**Instructions to follow**. The material below has pictures in it. Set down only the lines from the line containing "Dames en heren" through the line containing "Album, gåva till", word for word, and leave the pictures behind.

**Data extract**.
━━━━━━━━━━━━━━━━

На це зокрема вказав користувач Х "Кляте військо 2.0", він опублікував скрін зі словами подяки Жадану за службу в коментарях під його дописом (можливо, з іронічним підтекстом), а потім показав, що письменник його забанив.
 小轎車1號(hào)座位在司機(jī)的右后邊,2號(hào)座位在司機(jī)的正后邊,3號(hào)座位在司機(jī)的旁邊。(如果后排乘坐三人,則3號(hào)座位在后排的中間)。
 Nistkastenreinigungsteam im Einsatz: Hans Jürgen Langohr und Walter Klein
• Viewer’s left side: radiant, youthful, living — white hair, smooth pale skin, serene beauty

━━━━━━━━━━━━━━━━

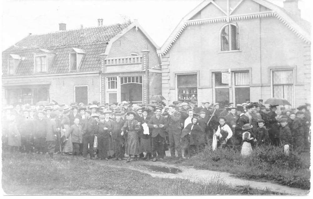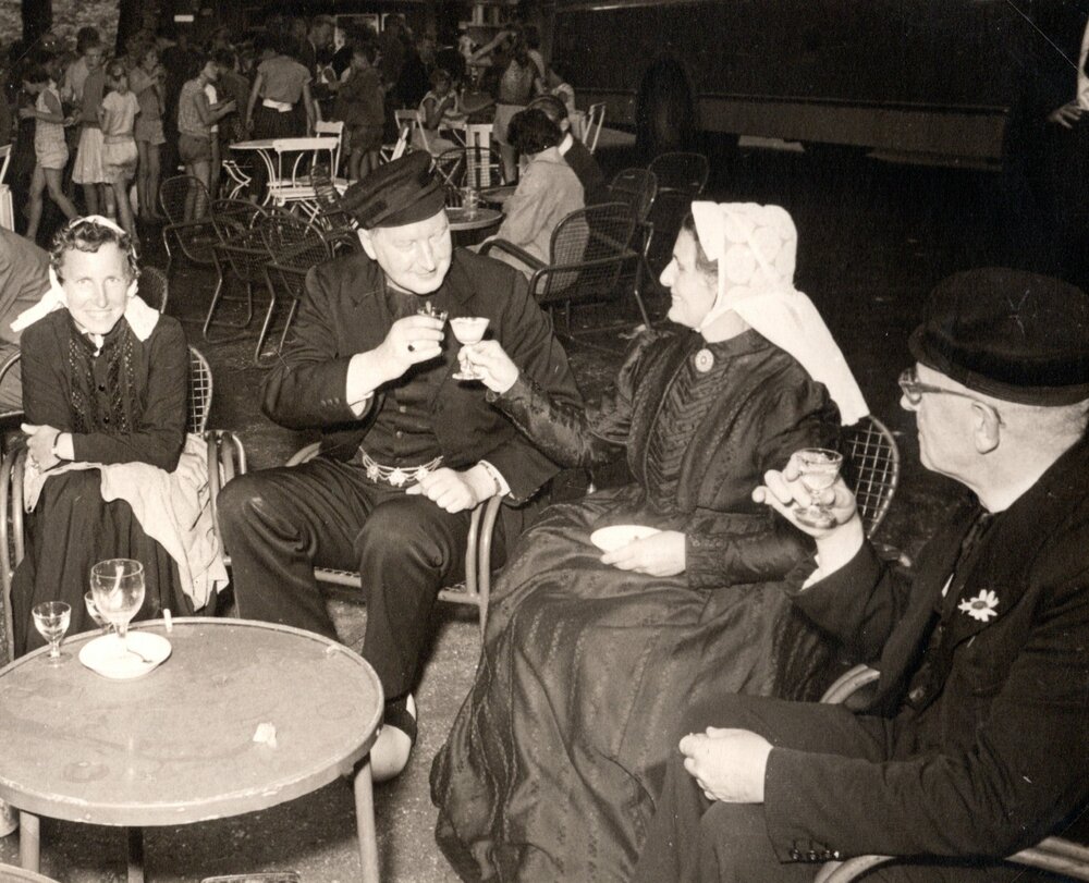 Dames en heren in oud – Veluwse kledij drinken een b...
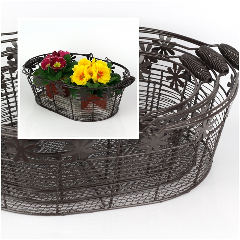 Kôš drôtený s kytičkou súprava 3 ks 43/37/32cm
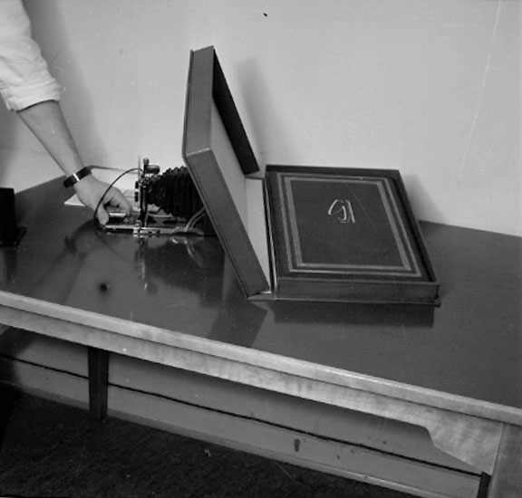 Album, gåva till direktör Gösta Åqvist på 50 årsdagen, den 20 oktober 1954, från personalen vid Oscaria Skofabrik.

━━━━━━━━━━━━━━━━

**Solution**.
 Dames en heren in oud – Veluwse kledij drinken een b...
 Kôš drôtený s kytičkou súprava 3 ks 43/37/32cm
 Album, gåva till direktör Gösta Åqvist på 50 årsdagen, den 20 oktober 1954, från personalen vid Oscaria Skofabrik.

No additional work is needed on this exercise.